Изменить стиль страницы

11. Тогда же обвинил он и Оловола Мануила, который, быв еще в детстве, служил в числе собственных его писцов и чрезвычайно сострадал столь несправедливо потерпевшему Иоанну. Этому-то Мануилу, — о суд без совести! — отрезывают нос и губы, — и он тотчас, надев рясу, вступает в обитель Предтечи. Было много и других, которых подозревая в том же, Михаил частью лишал всех выгод службы, частью наказывал. И вот что значит властвовать не законно, а тирански. Когда властелину случается, в отношении к кому-нибудь, сделать несправедливость, — он, конечно, должен подозревать, что люди благомыслящие негодуют на него за это, и не решаясь ни раскаяться в своих делах, ни просить прощения, подозреваемых в ненависти к себе по необходимости начинает сам ненавидеть, и потом наказывает.
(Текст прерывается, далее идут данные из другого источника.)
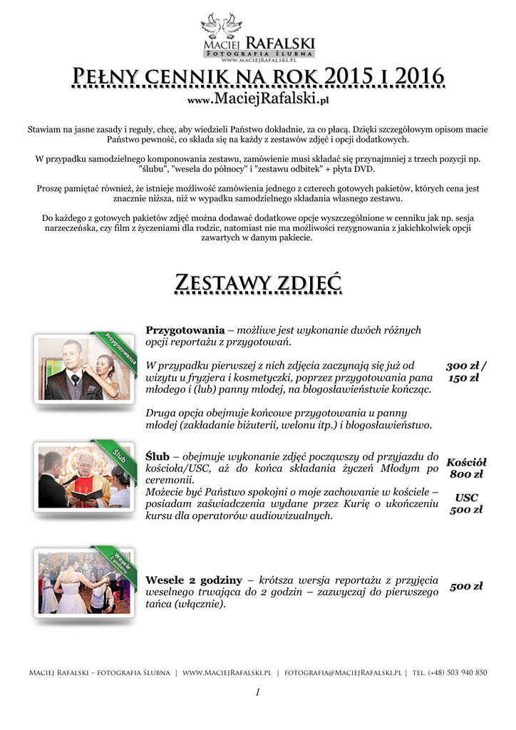 Pełny cennik na rok 2015 i 2016 .MaciejRafalski.pl www Stawiam na jasne zasady i reguły, chcę, aby wiedzieli Państwo dokładnie, za co płacą. Dzięki szczegółowym opisom macie Państwo pewność, co składa się na każdy z zestawów zdjęć i opcji dodatkowych. W przypadku samodzielnego komponowania zestawu, zamówienie musi składać się przynajmniej z trzech pozycji np. "ślubu", "wesela do północy" i "zestawu odbitek" + płyta DVD. Proszę pamiętać również, że istnieje możliwość zamówienia jednego z czterech gotowych pakietów, których cena jest znacznie niższa, niż w wypadku samodzielnego składania własnego zestawu. Do każdego z gotowych pakietów zdjęć można dodawać dodatkowe opcje wyszczególnione w cenniku jak np. sesja narzeczeńska, czy film z życzeniami dla rodzic, natomiast nie ma możliwości rezygnowania z jakichkolwiek opcji zawartych w danym pakiecie. Zestawy zdjęć Przygotowania – możliwe jest wykonanie dwóch różnych opcji reportażu z przygotowań. W przypadku pierwszej z nich zdjęcia zaczynają się już od wizytu u fryzjera i kosmetyczki, poprzez przygotowania pana młodego i (lub) panny młodej, na błogosławieństwie kończąc. 300 zł / 150 zł Druga opcja obejmuje końcowe przygotowania u panny młodej (zakładanie biżuterii, welonu itp.) i błogosławieństwo. Ślub – obejmuje wykonanie zdjęć począwszy od przyjazdu do Kościół kościoła/USC, aż do końca składania życzeń Młodym po 800 zł ceremonii. Możecie być Państwo spokojni o moje zachowanie w kościele – USC posiadam zaświadczenia wydane przez Kurię o ukończeniu 500 zł kursu dla operatorów audiowizualnych. Wesele 2 godziny – krótsza wersja reportażu z przyjęcia weselnego trwająca do 2 godzin – zazwyczaj do pierwszego tańca (włącznie). 500 zł Maciej Rafalski – fotografia ślubna | www.MaciejRafalski.pl | [email protected] | tel. (+48) 503 940 850 1 Wesele do północy – pakiet zdjęć dokumentujących całe przyjęcie weselne – od wejścia młodych do restauracji/domu weselnego, aż do oczepin (włącznie). Dopłata za każdą 1000 zł dodatkową godzinę fotografowania po oczepinach wynosi 150 zł i zwiększa liczbę poddanych obróbce zdjęć w postaci cyfrowej o 25. Plener tego samego dnia – krótsza wersja sesji plenerowej, wykonywana w dniu ślubu. Trwa tak długo, na ile pozwala czas. Zazwyczaj wykonywana przed ślubem lub w czasie przyjęcia weselnego. Wybór miejsca takiej sesji proponowany jest przez Państwa Młodych. Plener innego dnia – pakiet zdjęć z sesji plenerowej, wykonywanej w najdogodniejszym dla Państwa terminie, gdy wypoczną już Państwo po całej ceremonii. Miejsce sesji jest wybierane przez Młodych, jednak można liczyć na moją pomoc w tej kwestii. Trzeba przygotować się na to, że sesja plenerowa trwa zazwyczaj 4-9 godzin. W pakiecie srebrnym czas trwania sesji wynosi do 4 godzin (przynajmniej 30 wyselekcjonowanych i poddanych obróbce zdjęć), w złotym do 6 godzin (przynajmniej 45 zdjęć), w pakiecie premium sesja może trwać nawet cały dzień, może to być również sesja wyjazdowa – w góry, nad morze lub sesja zagraniczna – z sesji w pakiecie premium otrzymują Państwo przynajmniej 60 zdjęć). 400 zł 800 zł Kwestia wyboru terminu jest bardzo istotna w przypadku pleneru. Słoneczna pogoda bardzo pomaga przy wykonywaniu zdjęć. Osobiście odradzam wykonywanie zdjęć plenerowych w pochmurny dzień. Terminu sesji plenerowej nie trzeba koniecznie wpisywać w umowie – wystarczy dopisek „do ustalenia w późniejszym terminie”. Niestety większość sobót w okresie letnim mam zajętych dlatego najlepszą opcją jest organizacja pleneru w niedzielę lub od poniedziałku do piątku. Sesję rozpoczyna się zazwyczaj w godzinach popołudniowych (14-15). Sesja narzeczeńska – sesja wykonywana przed ślubem w wybranym przez Państwa terminie. Pozwala oswoić się z obiektywem. Od sesji plenerowej, która wykonywana jest po ślubie znacznie różni się klimatem. Zalecane jest, aby sesja narzeczeńska wykonywana była w innym miejscu niż sesja plenerowa. Z takiej sesji otrzymujecie Państwo ok. 35 wyselekcjonowanych i starannie obrobionych zdjęć. 500 zł Maciej Rafalski – fotografia ślubna | www.MaciejRafalski.pl | [email protected] | tel. (+48) 503 940 850 2 Film z podziękowaniami dla rodziców – unikalna możliwość nagrania ok 3-minutowego filmu z podziękowaniami dla rodziców, który wyświetlony zostanie podczas wesela. Film jest profesjonalnie wykonany i złożony wg napisanego przez Państwa scenariusza. Film jest nagrywany przeze mnie, co sprawia, że nawet jeśli nie zdecydowaliście się Państwo zamówić kamerzysty na swoją uroczystość, macie możliwość nagrania filmu, jako wyjątkowej niespodzianki dla rodziców. Do filmu można dodać również dostarczone przez Państwa zdjęcia z dzieciństwa. 500 zł Drugi fotograf – Do każdego z pakietów istnieje możliwość zamówienie drugiego fotografa, który będzie wykonywał zdjęcia podczas uroczystości ślubnej i wesela. W wypadku wybrania tej opcji liczba oddawanych Państwu, poddanych obróbce zdjęć w 600 zł postaci cyfrowej zwiększa się o 25% (dla przykładu – w przypadku wyboru zamówienia drugiego fotografa i wybrania pakietu premium otrzymacie Państwo 500 zdjęć w postaci cyfrowej zamiast 400). Maciej Rafalski – fotografia ślubna | www.MaciejRafalski.pl | [email protected] | tel. (+48) 503 940 850 3 Opcje dodatkowe Fotoksiążka – pięknie wykonana i złożona przeze mnie fotoksiążka z wybranych przez Państwa zdjęć. Prezentuje się znakomicie, znacznie lepiej niż tradycyjny album ze zdjęciami. Jest również lepiej wykonana i znacznie trwalsza. Strony wykonane są w technice drugu cyfrowego na powlekanym papierze kredowym o gramaturze 180 g/m 2.Okładka twarda. 30x30, 34 str. Fotoksiążki można zamówić w dwóch rozmiarach – 30x30 cm 300 zł lub 21x21 cm. Fotoksią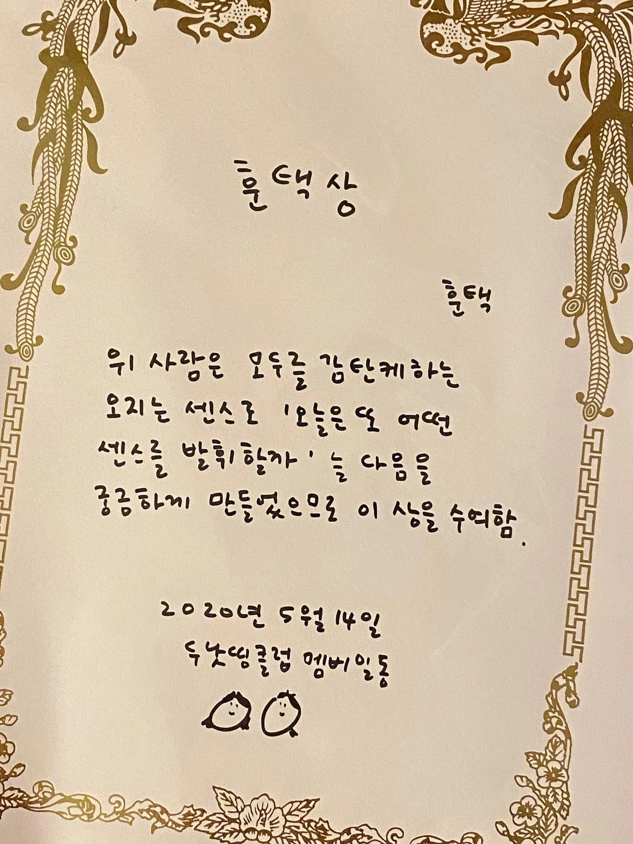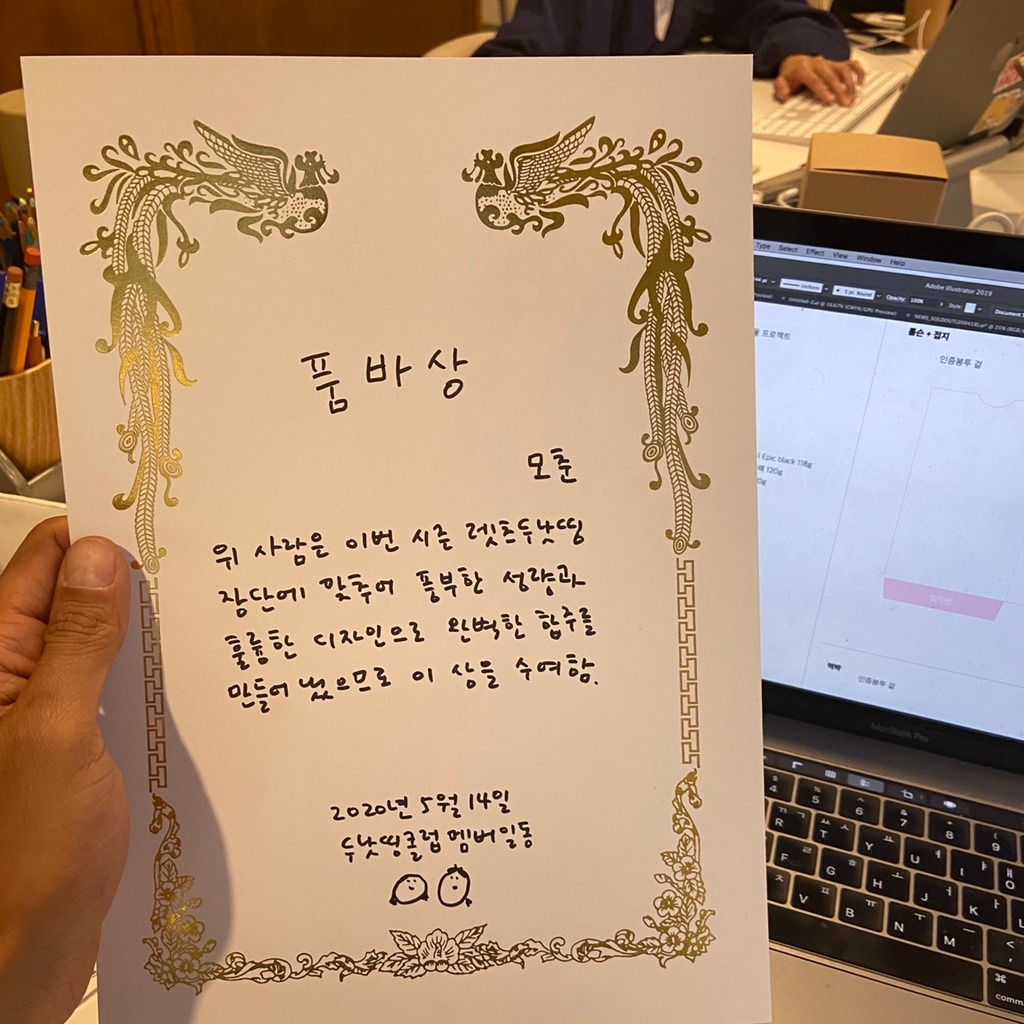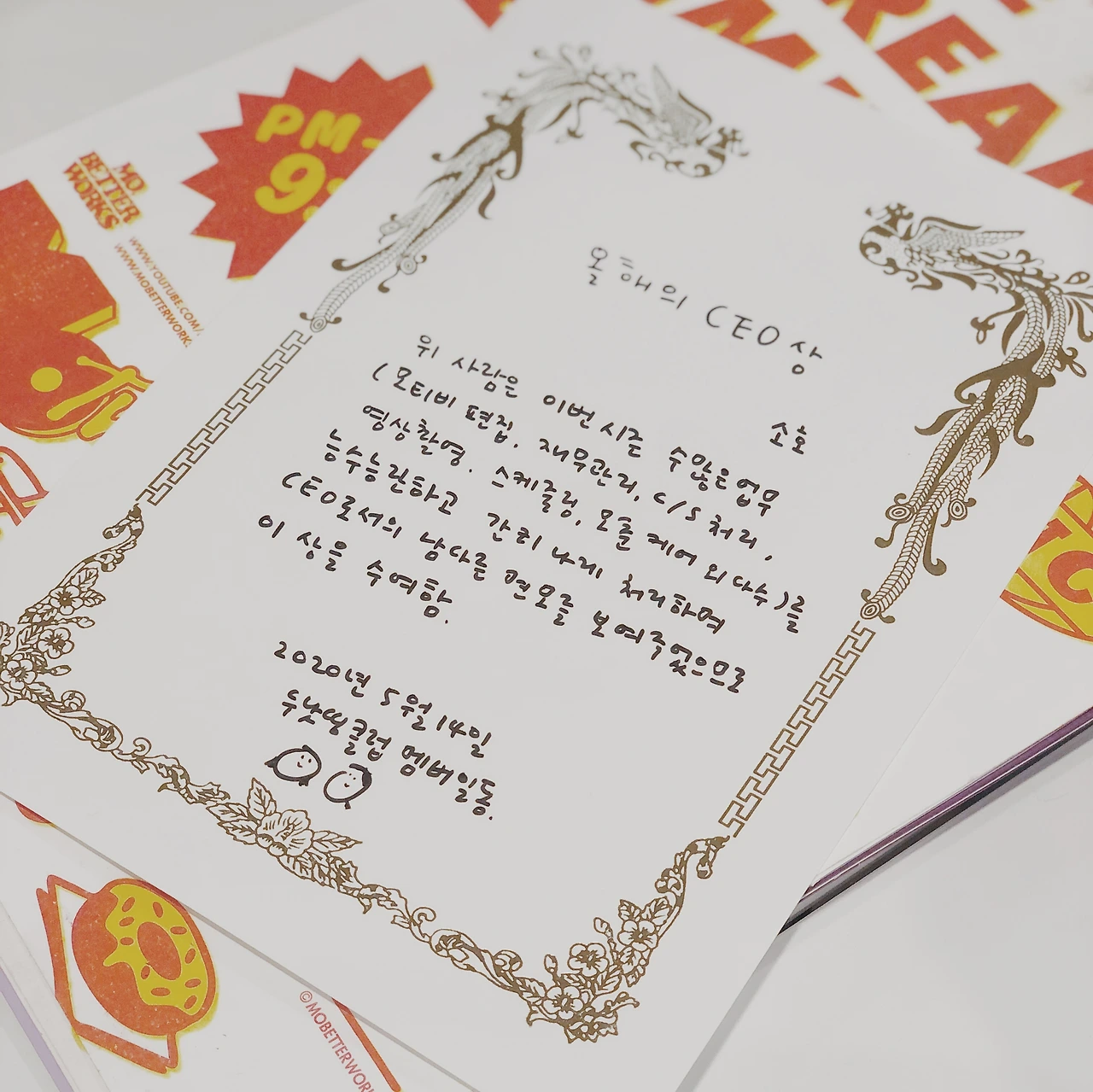 두낫띵클럽에서도 결산 리뷰 자료를 준비했다. 작은 노트에 그동안 프로젝트를 진행하며 느끼고 궁금했던 부분들을 적은 문답 노트 형식의 회고록과 각 멤버들의 노고를 칭찬하고 축하하는 상장. 가볍고 웃긴 질문부터 고민하게 만드는 질문까지. 스스로 조용히 지난 시간을 되돌아본 후 각자의 감상을 나누는 과정을 통해 웃기도 하고 하나의 상황에 대한 서로의 다른 생각도 들어보는 시간이었다. 내가 겪어본 결산 중 가장 즐겁고 가장 구체적인 결산이었다.

Тогда при дворе умы от страха были в сильной тревоге, и люди, даже с характером, по природе беспечным, не могли оставаться покойными; опасение, как бы кто не узнал и не донес, и как бы не подвергнуться неизбежному наказанию, сжимало всякого: из доносов же особенно опасен был тот, которым свидетельствовалось о чьем-нибудь расположении и сочувствии к юному Иоанну.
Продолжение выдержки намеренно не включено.